A basic LUT-based multiplier is simply a lookup table with the addresses arranged so that part of the address is the multiplicand and the other part is the multiplier. The data width should be set to the sum of the address width to accommodate the product.



## Implementing a Basic LUT-Based Multiplier

In the case where a four-bit value is multiplied by a four-bit value, you will need a memory block that is eight bits wide and 256 words deep. The first four bits of the address can be configured as the multiplicand and the second four bits can be configured as the multiplier. The memory will store the appropriate product values. To multiply the upper four bits by the lower four bits, feed both values into the address and clock the memory. The appropriate product value will appear on the RAM output. A diagram of this LUT-based multiplier implementation is shown in Figure 1.

Since the memory block is synchronous, this configuration will result in a synchronous multiplier, whose clock frequency is only limited by the data access time of the memory.

While this approach is more efficient than implementing multipliers in gates, it can consume a large amount of memory. The amount of memory required increases with the square of the bit width. The example above demonstrates a  $4 \times 4$  bit multiplier with 256 eight-bit words of storage required. For an  $8 \times 8$  bit multiplier, 65,536 16-bit words must be stored using this technique.



Figure 1 • Basic Single LUT-Based Multiplier

# **Partial Product Multipliers**

One way to mitigate the amount of memory required is to use partial product multiplication. This technique combines the lookup table approach with elements of longhand multiplication. For example, to multiply  $24 \times 43 = 1,032$  using longhand, simplify the problem into the sum of four multiply functions and three add functions (Figure 2).

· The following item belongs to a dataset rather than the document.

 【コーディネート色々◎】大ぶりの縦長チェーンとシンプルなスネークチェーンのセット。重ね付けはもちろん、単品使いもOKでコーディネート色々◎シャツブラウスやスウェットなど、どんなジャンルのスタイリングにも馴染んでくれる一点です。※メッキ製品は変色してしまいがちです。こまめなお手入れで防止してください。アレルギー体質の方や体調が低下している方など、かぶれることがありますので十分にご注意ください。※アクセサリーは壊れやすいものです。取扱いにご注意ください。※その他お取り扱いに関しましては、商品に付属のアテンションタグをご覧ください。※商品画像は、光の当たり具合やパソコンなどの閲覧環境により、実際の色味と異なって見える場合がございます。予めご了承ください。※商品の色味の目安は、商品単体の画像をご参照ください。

$$(4 \times 3 + ((2 \times 3) \times 10)) + (((4 \times 4) + ((2 \times 4) \times 10)) \times 10) = 1,032$$

EQ 1

| 24 < A              | 24 <  | A             | 24 < A          | 24 < A                  |
|---------------------|-------|---------------|-----------------|-------------------------|
| X43 < B             | X43 < | В             | X43 < B         | X43 < B                 |
| 12                  | 12    |               | 12              | 12                      |
| 60                  | 60 <  | Shifted by 1  | 60 < Shifted by | 1 60 < Shifted by 2     |
| 160                 | 160   | decimal place | 160 decimal p   | lace 160 decimal places |
| <u>800</u><br>1,032 | 800   |               | 800             | 800                     |
| 1,032               | 1,032 |               | 1,032           | 1,032                   |
|                     |       |               |                 |                         |





## Implementing a Partial Product Multiplier

In logic, this same technique can be used to reduce the amount of memory required to perform a multiply function. Using a basic lookup table technique, an eight-bit by eight-bit multiply would require 128 kb of storage. As shown in Figure 3, using partial product multipliers, the same procedure can be accomplished using 1 kb of storage.

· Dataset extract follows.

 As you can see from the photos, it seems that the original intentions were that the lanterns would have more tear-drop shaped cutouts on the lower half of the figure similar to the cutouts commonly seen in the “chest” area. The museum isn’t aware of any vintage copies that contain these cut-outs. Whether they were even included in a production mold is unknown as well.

In order to accomplish this in logic, using A as the multiplicand and B as the multiplier, take the lower four bits of A and multiply it by the lower four bits of B using the lookup table technique. Then take the upper four bits of A and multiply it by the lower four bits of B and shift the partial product result to the left by four. Then add the two results together for the first part of the product.

For the second part of the product, multiply the lower four bits of A by the upper four bits of B. Then do the same with the upper four bits of both A and B and shift this partial product value to the left by four. Add the two values of the previous calculation and shift the whole result to the left by four.

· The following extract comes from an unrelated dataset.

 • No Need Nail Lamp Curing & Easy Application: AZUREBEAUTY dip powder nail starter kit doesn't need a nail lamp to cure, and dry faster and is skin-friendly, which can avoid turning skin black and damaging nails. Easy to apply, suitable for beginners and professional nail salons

Then add the first part of the product to the second part of the product for the final result.

While this technique is not as fast as implementing the entire multiply as a single memory element, it does greatly reduce the amount of memory required at the expense of using more core tiles.



Figure 3 • Partial Product Multiplier Logic Implementation

# **Constant Coefficient Multiplier**

A third approach to using memory blocks as multipliers is employing a constant coefficient multiplier. In many cases, especially in DSP applications, the multiplicand remains constant and only the multiplier varies.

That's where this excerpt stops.